Баллада о Лорелее
Часть 76 из 131 Информация о книге
Для доступа к библиотеке пройдите авторизацию
— Прощаю вам мой подбитый глаз, — сказал он. — Пожалуй, вы были правы. Убедить нас в чем-то подобном при явном дефиците времени было бы весьма затруднительно.
Богданов долго молчал, а потом произнес:
— Ну хорошо. Допустим, все сказанное тобой соответствует действительности. Но почему ты не вернулась обратно в лагерь? Тогда же, сразу после выздоровления? Мы искали тебя в джунглях больше месяца…
— Знаю. Я видела поисковые отряды и старательно уклонялась от встречи с ними.
— Почему?
— А ты не понимаешь? Что, по-твоему, ожидало меня в случае возвращения? Обследование на медицинском диагностическом комплексе я наверняка завалила бы. А в результате незамедлительно оказалась бы в какой-нибудь клетке в качестве подопытного экземпляра. Ты хотел бы для меня подобной участи?.. Вот и я тоже. К тому же страшно себе представить, что случится, попади технология лорнов на Землю. Вообрази себе мир, в котором каждый сможет менять свой облик по собственной прихоти. Разгул преступности и всеобщий хаос… Апокалипсис покажется нам не заслуживающим внимания событием. А ведь есть еще военные…
— Достаточно, я понял. Последний вопрос. Почему вы все-таки решили раскрыться перед нами вопреки собственным убеждениям?
Катя опустила глаза, а потом твердо сказала:
— Тому есть несколько причин. Во-первых, Алекс Маккуин — мой друг. Единственный друг на Лорелее, который в свое время очень мне помог. А Эдвард Каттнер — бывший командир пропавшего на Горгоне отца, каковым и останется теперь уже навсегда.
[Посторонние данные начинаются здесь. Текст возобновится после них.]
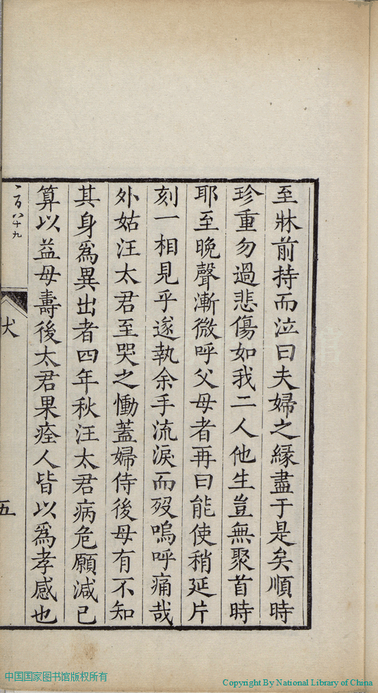| 皇清例封孺人亡婦朱孺人狀 Huang Qing li feng ru ren wang fu Zhu ru ren zhuang 文﹕行狀 Wen: Xing zhuang 徐錫第﹐號蘭叔﹐字雲楣 Xu Xidi, hao: Lanshu, zi: Yunmei 珠來閣遺稿:一卷(清朱萼增撰),哀弦集:一卷(清徐錫第撰) Zhu lai ge yi gao:1 juan (by Zhu Ezeng, Qing Dynasty),Ai xian ji:1 juan (by Xu Yunmei, Qing Dynasty) , pp. 狀.1a,狀.1b,狀.2a,狀.2b,狀.3a,狀.3b,狀.4a,狀.4b,狀.5a,狀.5b. |
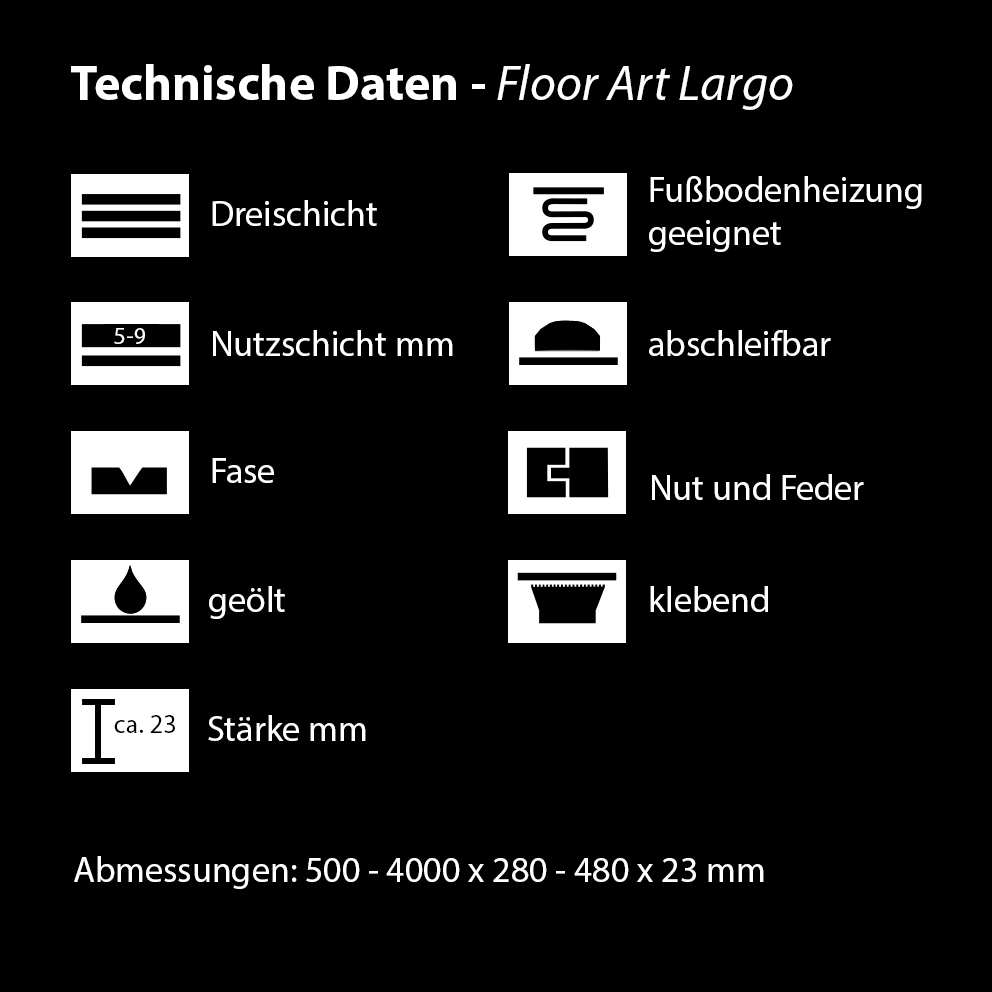 Erleben Sie Parkett in seiner reinsten und ursprünglichsten Form. Die von Hand gefertigten Langdielen aus der Serie Floor-Art® Largo stehen für Qualität, Exklusivität, Natur und Nachhaltigkeit, was sich in ihrem außergewöhnlichen Erscheinungsbild wiederspiegelt: Höhendifferenzen bis zu 6 mm, verschiedene Längen und Breiten sowie eine einzigartige Oberfläche prägen den Charakter dieser rustikalen Langdielen. Somit erhält jede Diele ihre eigene einzigartige und exklusive Ausstrahlung.
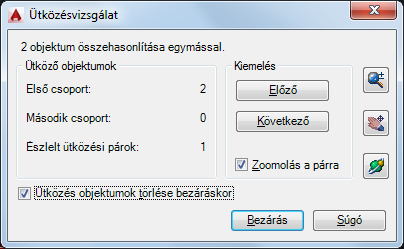 Megjeleníti a kijelölt objektumok között talált ütközések számát.
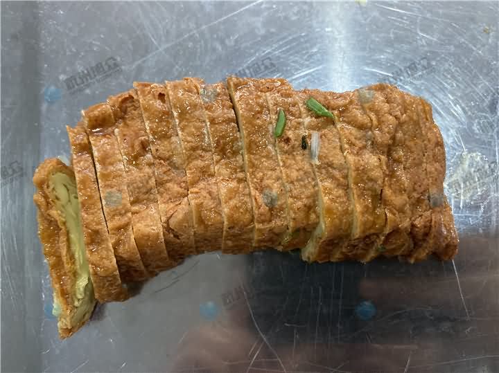素雞切片選擇哪款設(shè)備呢?自然選擇熟肉切片機(jī),該機(jī)切片厚薄可1-20mm可隨意調(diào)整,切片厚薄均勻,不信,可寄物料到旭眾機(jī)械廠,這不老板立馬寄了兩包素雞過(guò)來(lái),現(xiàn)場(chǎng)用熟肉切片機(jī)切素雞片,拍了視頻及成品再給客戶寄回去,5mm、3mm切片毫無(wú)壓力,那么我們來(lái)看熟肉切片機(jī)切素雞片效果:
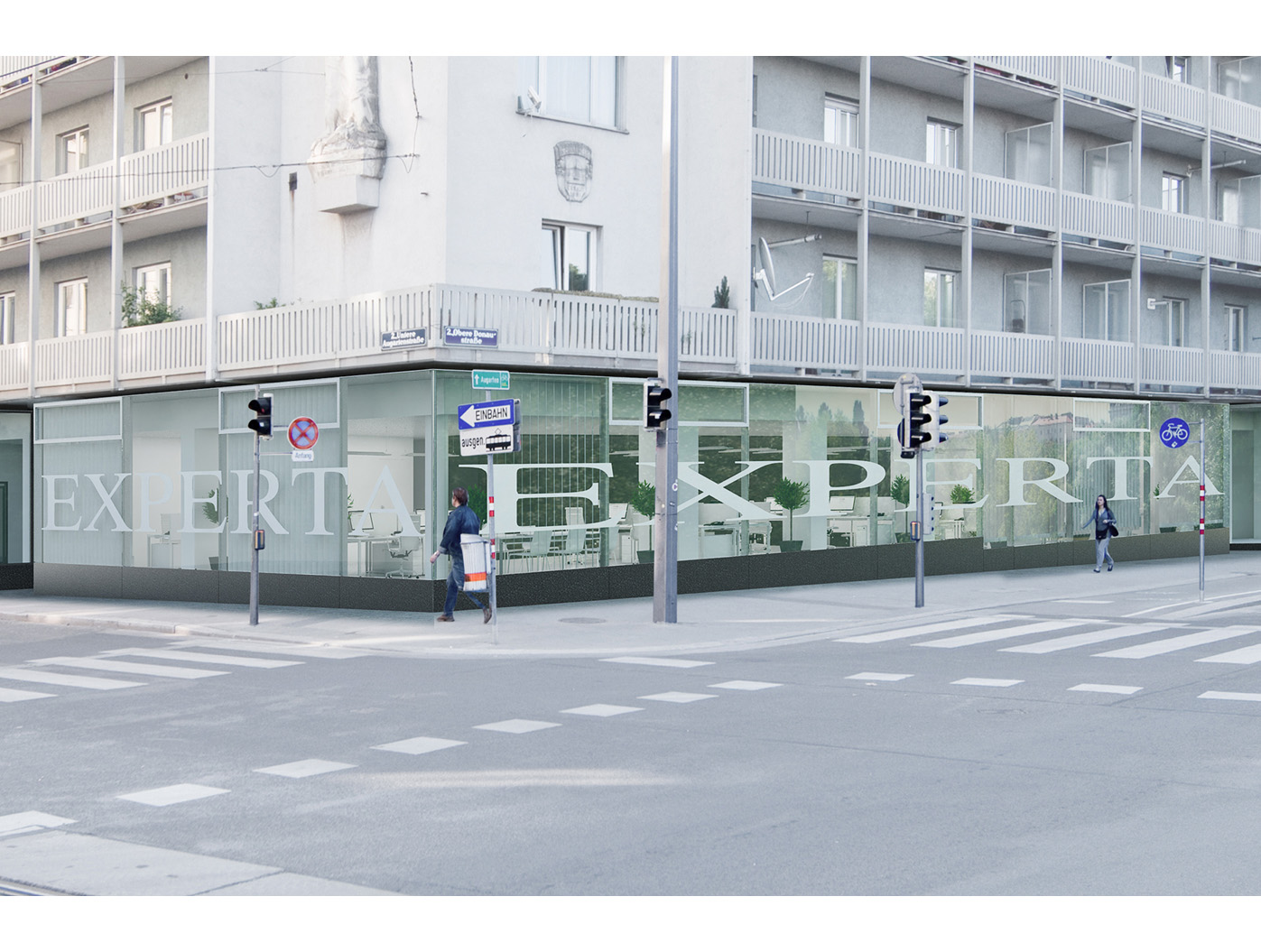 Ein bestehendes Geschäftslokal wurde umfassend renoviert und an die Bedürfnisse einer Versiche- rungsgesellschaft angepasst. Das Projekt umfasst eine vollständige Neugestaltung der Fassade, eine moderne Büroausstattung im In- neren sowie die behutsame Umge- staltung des Innenhofs.
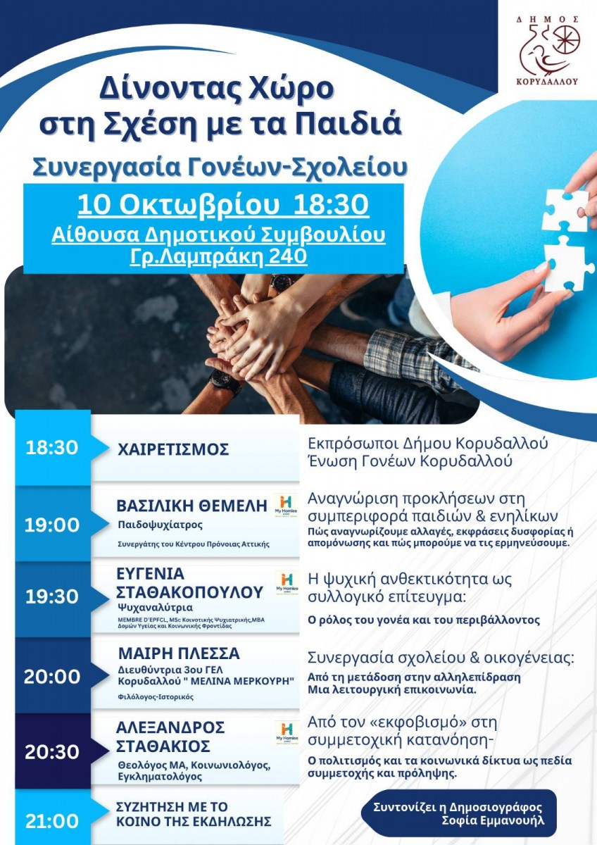 Με μεγάλη χαρά σας προσκαλούμε να παρακολουθήσετε την πολύ ενδιαφέρουσα εκδήλωση που διοργανώνει η Ένωση Γονέων Κορυδαλλού, σε συνεργασία με τον Δήμο Κορυδαλλού και την ΑΜΚΕ My Homiee: «Δίνοντας Χώρο στη Σχέση με τα Παιδιά – Συνεργασία Οικογένειας & Σχολείου».

Несмотря на совершенное преступление, а также на то, что именно мы с Роном сдали экипаж пиратской «Ириды» службе безопасности, хотя никто об этом даже не подозревает. Ни безопасники, ни сами потерпевшие… Теперь понимаешь, почему я не могла их бросить? Справедливости ради замечу, что для любого другого мы сделали бы то же самое… А во-вторых, я же сказала, что хотела с тобой поговорить. Совершенно ясно, что без раскрытия нашего инкогнито настоящего разговора наверняка не получится. Все в нашей жизни предопределено, так уж сложились обстоятельства. Наша сегодняшняя беседа так или иначе должна была состояться. Катастрофа «Феникса» лишь ускорила неизбежное.
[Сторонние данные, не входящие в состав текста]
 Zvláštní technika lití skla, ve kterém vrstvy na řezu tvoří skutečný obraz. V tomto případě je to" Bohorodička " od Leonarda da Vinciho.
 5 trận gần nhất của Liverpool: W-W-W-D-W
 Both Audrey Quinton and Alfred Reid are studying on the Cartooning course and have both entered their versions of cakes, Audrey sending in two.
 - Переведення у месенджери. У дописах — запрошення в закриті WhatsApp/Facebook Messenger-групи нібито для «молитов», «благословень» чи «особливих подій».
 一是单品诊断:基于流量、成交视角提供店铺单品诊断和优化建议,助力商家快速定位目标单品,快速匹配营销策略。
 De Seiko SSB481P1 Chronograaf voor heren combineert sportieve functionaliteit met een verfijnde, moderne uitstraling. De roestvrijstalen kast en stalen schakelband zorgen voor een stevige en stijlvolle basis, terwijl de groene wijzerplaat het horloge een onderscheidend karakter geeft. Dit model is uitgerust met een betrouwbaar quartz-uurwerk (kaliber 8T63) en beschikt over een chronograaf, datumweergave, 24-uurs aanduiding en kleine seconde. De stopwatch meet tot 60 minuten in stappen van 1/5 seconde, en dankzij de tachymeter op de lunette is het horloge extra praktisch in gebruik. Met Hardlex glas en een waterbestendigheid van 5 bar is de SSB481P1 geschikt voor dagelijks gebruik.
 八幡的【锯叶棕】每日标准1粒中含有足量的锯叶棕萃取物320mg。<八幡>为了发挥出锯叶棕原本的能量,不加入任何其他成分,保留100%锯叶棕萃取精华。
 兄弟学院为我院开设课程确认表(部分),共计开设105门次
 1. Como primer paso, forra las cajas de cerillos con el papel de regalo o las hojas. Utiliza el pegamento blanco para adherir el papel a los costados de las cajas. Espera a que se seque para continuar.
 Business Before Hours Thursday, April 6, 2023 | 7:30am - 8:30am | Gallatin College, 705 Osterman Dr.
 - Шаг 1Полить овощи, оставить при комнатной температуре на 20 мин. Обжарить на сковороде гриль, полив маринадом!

— Возможно… — задумчиво сказал Богданов. — Возможно, ты говоришь правду… не знаю. Во всяком случае, не представляю, каким образом можно подтвердить твой невероятный рассказ.
— Что ж, вижу, мне не удалось до конца развеять сомнения, — сказала Катя. — Что ж, тогда попробуем так…
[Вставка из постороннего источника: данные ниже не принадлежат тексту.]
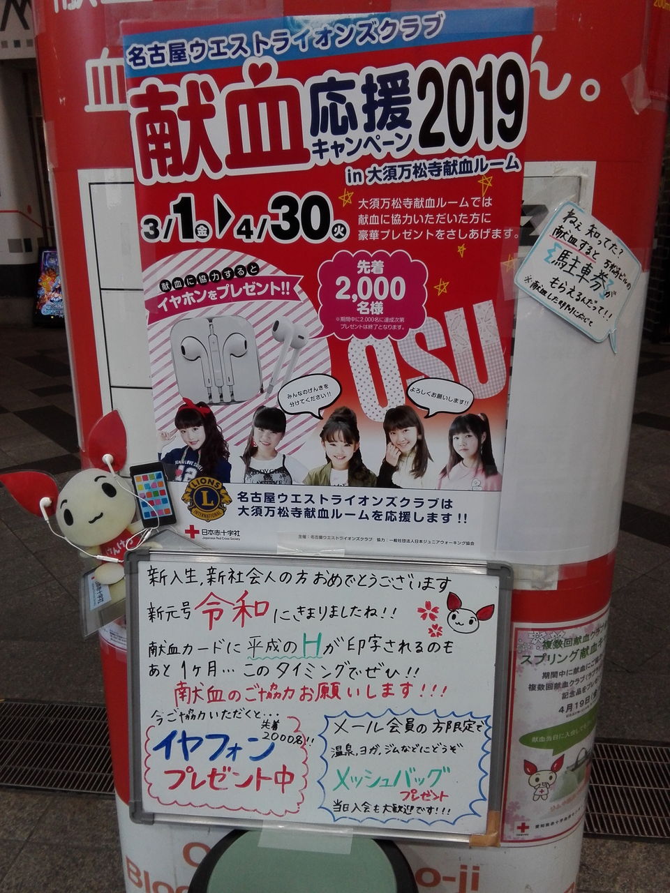 この他、愛知県下の各献血ルームでも実施予定 ポスター配布数には、各会場限りがあり、混雑する場合は、栄・名駅・金山など最寄りの献血ルームにお問い合わせして、お出かけするのも良いかも。
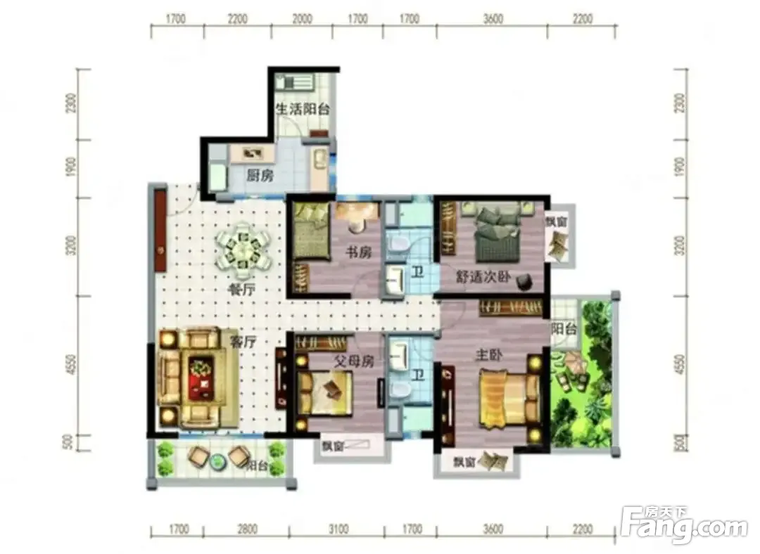 户型齐全,主打户型方正,明厨,明卫,主卧朝南五居
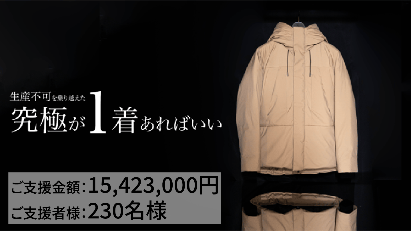 令和の虎でも絶賛していただいたクラウドファンディングNo.1ダウンジャケット!!
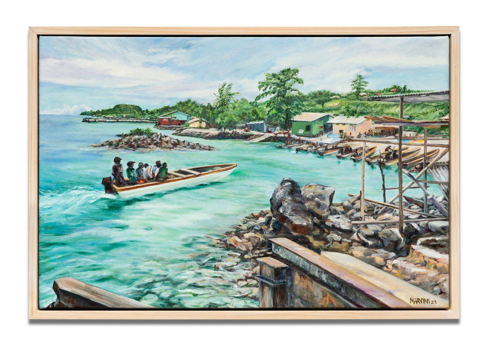An Australian by birth, Marilyn was adopted into her husband Moses Havini’s clan in 1970. Marilyn supported Moses as representative of the Interim Government of Bougainville during their exile in Sydney. The couple played a key role in the Bougainville Peace Process enabling them to return to live on ancestral lands in 2000. Throughout her life, painting remained at the core of Marilyn’s identity and her artworks provide personal and deep insights into a wider story of what shared aspirations mean for her and the people of Bougainville.

Она встала и направилась прямиком к стене с картиной и гитарой.
Николай нервно дернулся. На его глазах вот-вот должно было произойти немыслимое святотатство — осквернение тщательно оберегаемой реликвии, давно уже ставшей воплощением души станции «Афродита». Терпеть подобное от кого бы то ни было не представлялось возможным. Он в замешательстве оглянулся на командира. Мих-Мих сдвинул брови, однако, заметив настроение заместителя, успокаивающим жестом придержал его за руку. Стало ясно, что он не возражает против нарушения негласного табу. Николай расслабился.
Катя подошла к стене и оглянулась на своих коллег и судей.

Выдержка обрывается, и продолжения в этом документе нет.